For this case, model3 is slightly better than model2 with MAPE of data test: 0.07523643 or 0.075%.
model3 with 4 assumptions:
cor.test()Linear / reject H0cor.test(grad_train$GRE.Score, grad_train$Chance.of.Admit)
##
## Pearson's product-moment correlation
##
## data: grad_train$GRE.Score and grad_train$Chance.of.Admit
## t = 21.987, df = 298, p-value < 2.2e-16
## alternative hypothesis: true correlation is not equal to 0
## 95 percent confidence interval:
## 0.7391407 0.8261988
## sample estimates:
## cor
## 0.7865468
cor.test(grad_train$TOEFL.Score, grad_train$Chance.of.Admit)
##
## Pearson's product-moment correlation
##
## data: grad_train$TOEFL.Score and grad_train$Chance.of.Admit
## t = 21.654, df = 298, p-value < 2.2e-16
## alternative hypothesis: true correlation is not equal to 0
## 95 percent confidence interval:
## 0.7336523 0.8223550
## sample estimates:
## cor
## 0.7819308
cor.test(grad_train$LOR, grad_train$Chance.of.Admit)
##
## Pearson's product-moment correlation
##
## data: grad_train$LOR and grad_train$Chance.of.Admit
## t = 15.504, df = 298, p-value < 2.2e-16
## alternative hypothesis: true correlation is not equal to 0
## 95 percent confidence interval:
## 0.6003691 0.7264558
## sample estimates:
## cor
## 0.6681827
cor.test(grad_train$CGPA, grad_train$Chance.of.Admit)
##
## Pearson's product-moment correlation
##
## data: grad_train$CGPA and grad_train$Chance.of.Admit
## t = 30.222, df = 298, p-value < 2.2e-16
## alternative hypothesis: true correlation is not equal to 0
## 95 percent confidence interval:
## 0.8374355 0.8936943
## sample estimates:
## cor
## 0.8683309
The test has a p-value bellow the significance level of 0.05, therefore we reject the null hypothesis means our models is linear.

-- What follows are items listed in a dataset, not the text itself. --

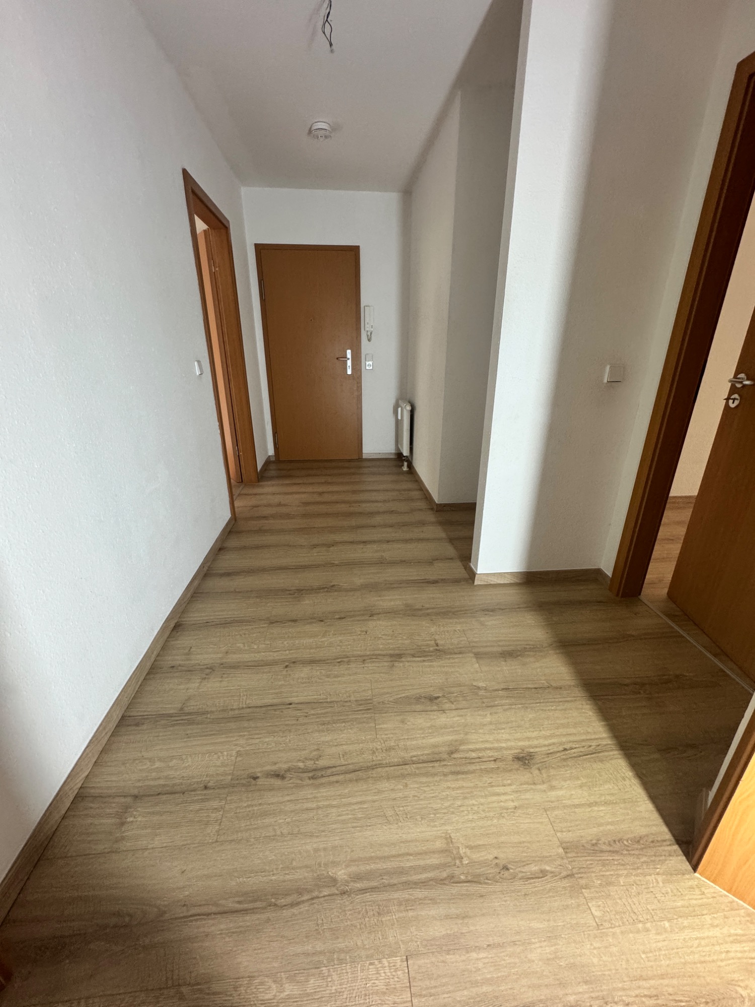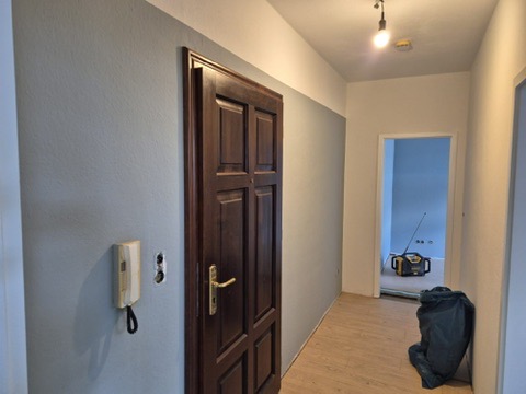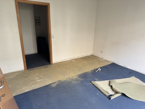 In einer 2-Raumwohnung war der vollflächig verklebte Teppichboden zu entfernen und zu entsorgen. Anschließend wurden in Flur, Wohnzimmer und Schlafzimmer Trittschall und Laminat neu verlegt. Umlaufend sind Sockelleisten in Laminatoptik zum Einsatz gekommen. Die Türblätter wurden angeglichen.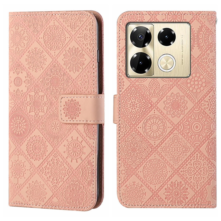 Funda de Cuero con Patrón en Relieve Estilo Étnico para Infinix Note 40 Pro (Rosa)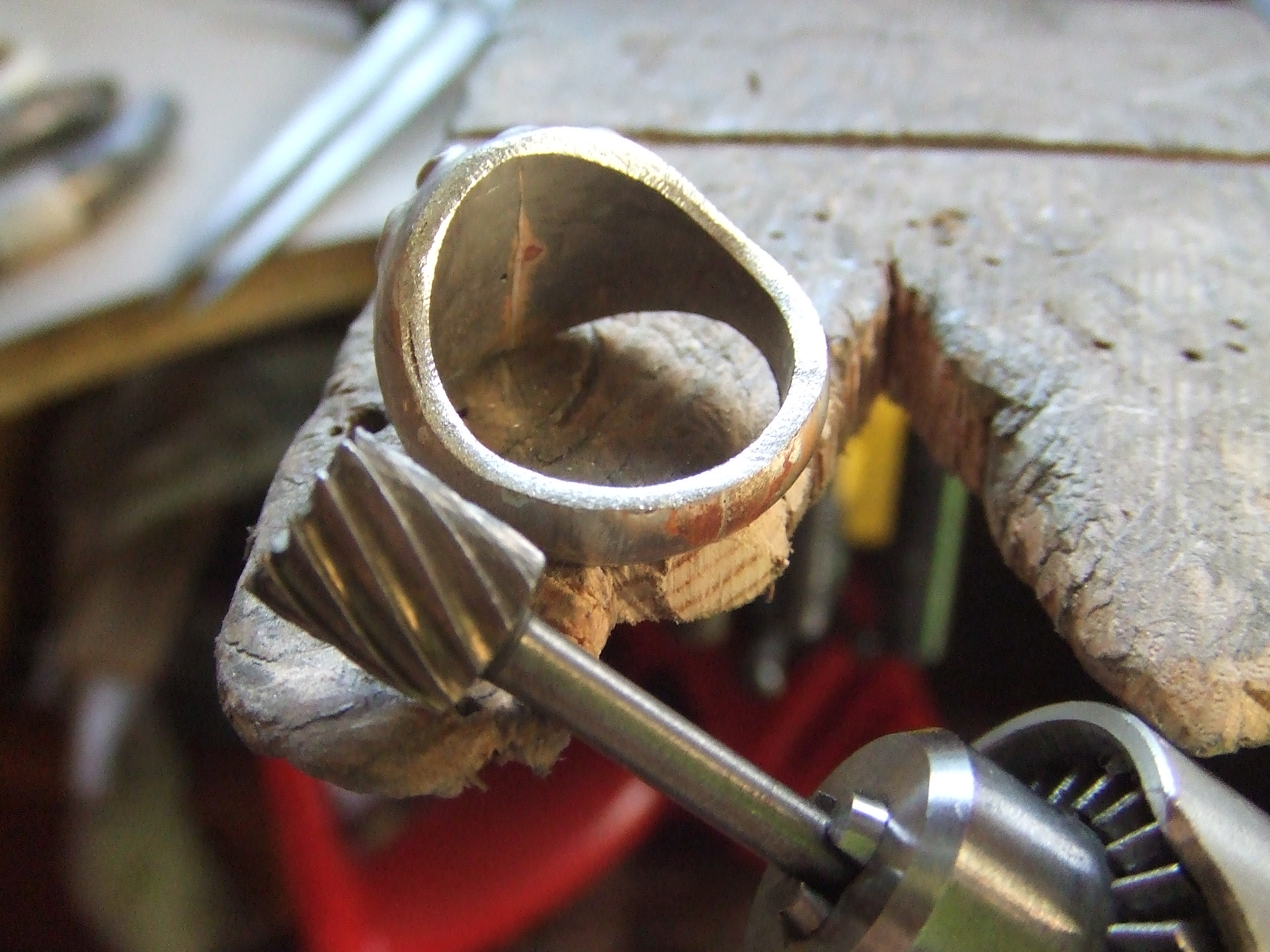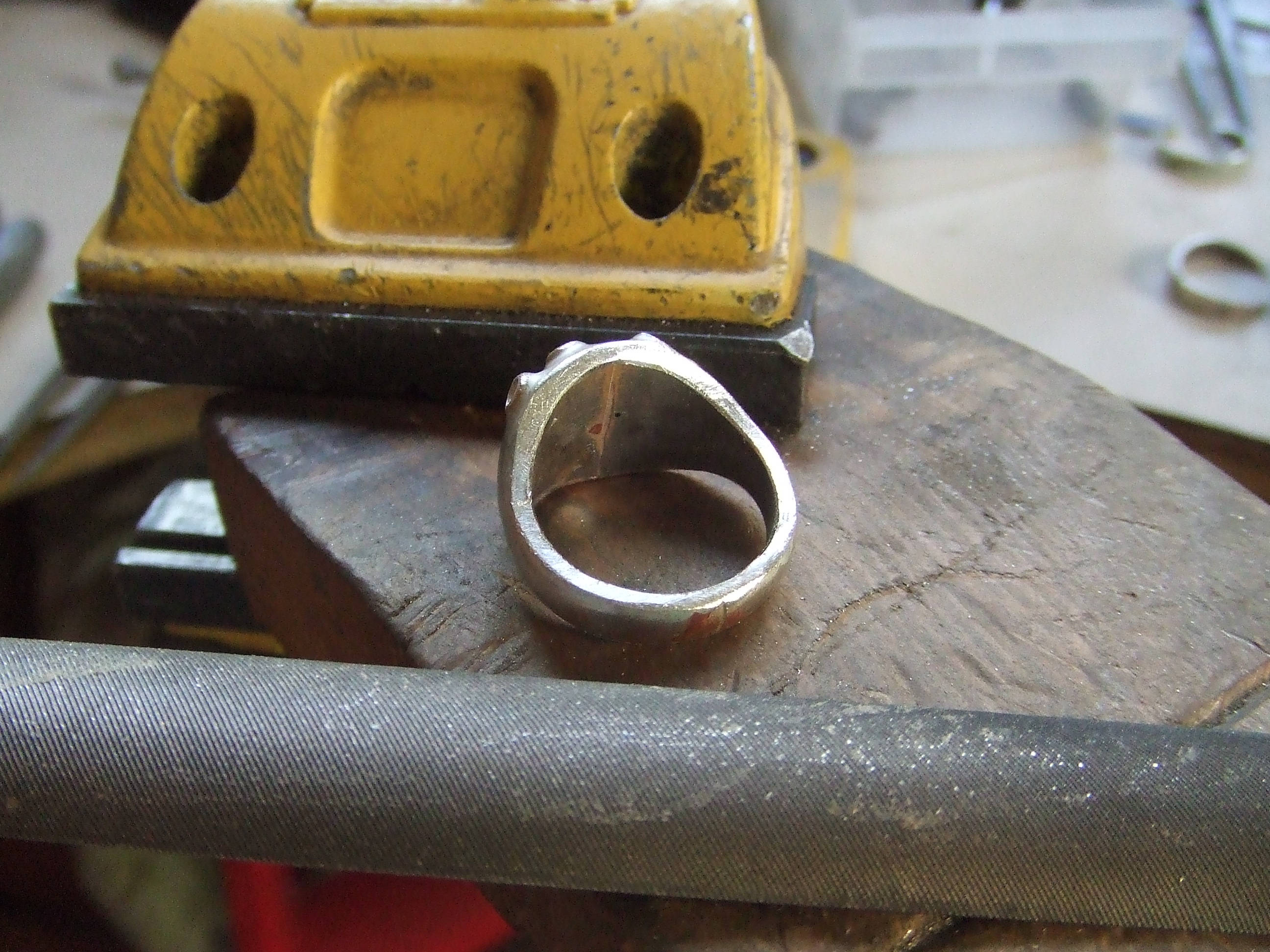 I have been asked to make a necklace with forged to undulating round/ovalish shapes. The rub is, the chap wants it to be really weighty and asked for 5mm wire to start!!! I managed to talk him out of 6mm which was what he contemplated. These links are to be forged once turned into rings, soldered and shaped. Have you tried to make small rings with 5mm sterling silver wire! Man alive, it is tough to work into bends that small, getting the ends to meet for soldering is also a nightmare as it is soooo hard. The other conspiring difficulty is, the 83mm lengths to start with are a bugger to hold whilst you try to form them around a mandrel. The vibration is enough to rattle a chaps fillings, also keeping it still, trying not to hammer fingers, preventing it taking an aerial journey across the workshop was also challenging.

shapiro.test()Residuals normally distributed/ fail to reject H0shapiro.test(model3$residuals)
##
## Shapiro-Wilk normality test
##
## data: model3$residuals
## W = 0.90795, p-value = 1.415e-12
We can conclude that the null hypothesis is rejected, means residuals not normally distributed.

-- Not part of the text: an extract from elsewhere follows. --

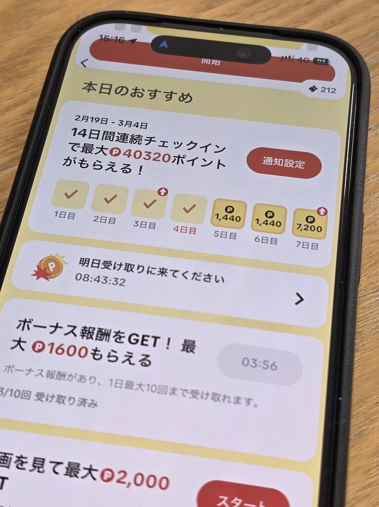 私の端末の場合、14日間連続チェックインで「最大40,320ポイント(403円相当)」となっています。特に14日目の報酬が「14,400ポイント(144円分)」と跳ね上がるため、1日でも忘れると大きなロスになります。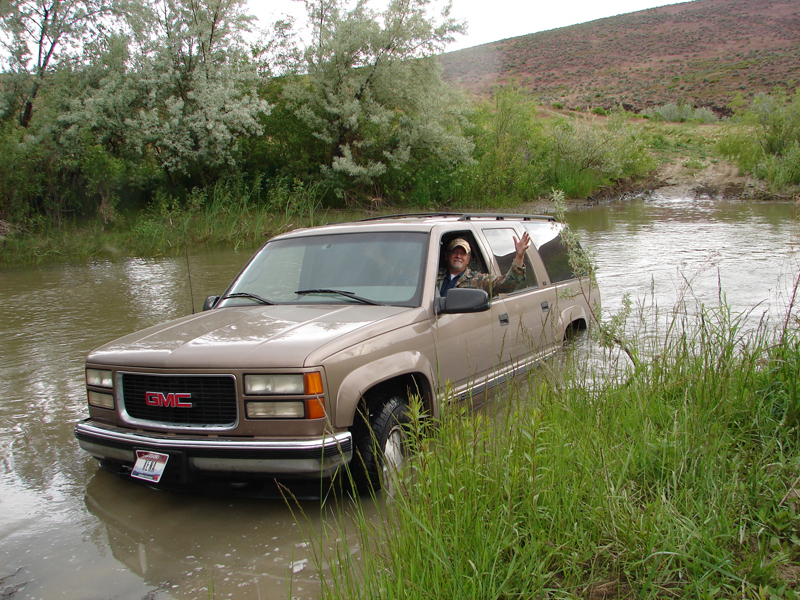The morning broke gray and windy with no rain. This was encouraging because the wind dries things out fast in this treeless country. We dug a few drainage ditches from around the wheels of our vehicles, put some rocks in the mud for traction, and waited. The sky was threatening rain again, but it did not rain, and about noon we decided to try again. After a couple of adjustments we were moving. The road improved some with rocky stretches between mud holes. Mud holes are not too hard to get through as long as there is hard ground on the other side – although, it is somewhat trickier when you are pulling something. The technique is to have the proper momentum and still allow for maximum traction. We made it to the corral and were feeling optimistic that we could make the last 4 miles when it stated to rain again. The road from the corral to the rim is so rocky that speed cannot be used to your advantage in the mud. The only way to drive this part of the road is slow whatever the conditions. We made it up the little rise after we went through the gate, down a shallow draw, and around onto the side of a gently slopping hill where Jake’s truck and trailer slowly slid off the road and got stuck. I was a little further back and still had some traction. I saw a place where I could get off the road, pulled up in the sagebrush, disconnected my tailor, maneuvered my truck in front of Jacks rig, chained our trucks together, and proceeded to throw mud everywhere with our spinning tiers to no avail. After some consideration we resolved to spend another night in the mud and hope again for a better tomorrow.

bptest() from library(lmtest)Homoscedasticity/ fail to reject H0bptest(model3)
##
## studentized Breusch-Pagan test
##
## data: model3
## BP = 13.033, df = 4, p-value = 0.01112
We can say that the null hypothesis is rejected, means heteroscedasticity is present in our model.

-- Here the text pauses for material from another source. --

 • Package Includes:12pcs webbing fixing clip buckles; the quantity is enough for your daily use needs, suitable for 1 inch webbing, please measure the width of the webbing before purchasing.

vif() from library(car) vif(model3)
## GRE.Score TOEFL.Score LOR CGPA
## 3.856675 3.868141 1.811634 4.602878
The result shows all predictors have less than 10 points, indicates there is no multicollinearity.
Even though our model doesn’t fulfill 4 assumptions of Regression Models, it all depends on business case whether to accept or tunning this current model. For now, we will hold with this because it’s still tolerable, which model3 has fulfilled two of four assumptions : linearity and no multicollinearity.
Furthermore, model3 with predictors : GRE.Score, TOEFL.Score, LOR, CGPA has quite good performance. First, we can analyze from adjusted R squared value, with 78.60% variance of Chance.of.Admit explained by those predictors variables in model3. The models accuracy for predicting target in data test is measured by a low number of error. In this case, we use MAPE for training data, it is about 0.24% and testing data has a significant improvement with 0.075% for errors.